Scott Benhase, Bishop of Georgia, suggests that congregations cannot succeed until they learn how to risk failure and learn from it.


Writing on the Duke Divinity Call and Response blog, Benhase recommends the work of economist Tim Harford who has spend a lot of time to think about failure.

The author is an economist, so he doesn’t write about the spiritual practices and disciplines we need to live with trial, error and adaption in the church. But if we translate some of his terms into our language of faith, then he describes a useful road map for people trying to live as faithful disciples in the world as it really is. In our congregations, as we seek to develop faithful efforts at evangelism and thus fulfill the Great Commission “to make disciples,” Harford’s approach is right on target. We have to be willing to try new approaches to reach people with the gospel that we have not reached before. And we will have to be open to failure in these efforts because some of them will fail.

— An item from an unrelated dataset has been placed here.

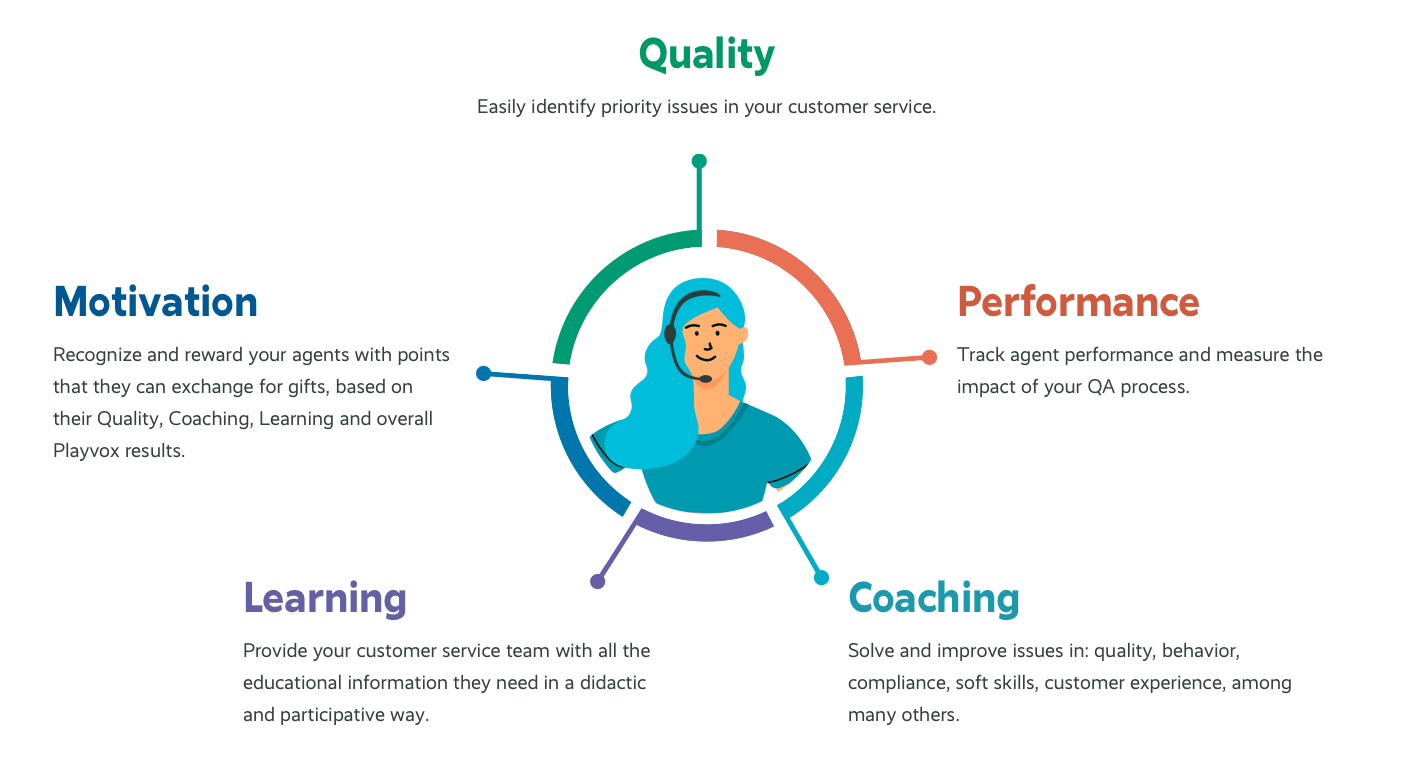 The Playvox agent optimization suite is designed to empower the entire customer service team, including agents, QA analysts, team leaders, and managers.

But failure is not the problem. The problem is not learning from failure through a feedback loop.

What would our congregations be like if we opened ourselves to more trial, error and adaptation? My hunch is we would be less concerned with phrases like: “we never do things that way here” or “we tried something similar ten years ago and it didn’t work.” We rather would be constantly trying new approaches, learning from how those approaches worked or didn’t work, and then trying new variations on our successful efforts.

Let me be clear: I am not suggesting a new gospel. The one we have now is perfect in every way. So the content of our message is without flaw. It is our approach to sharing the message that needs constant scrutiny and a willingness to adapt as we learn from our mistakes.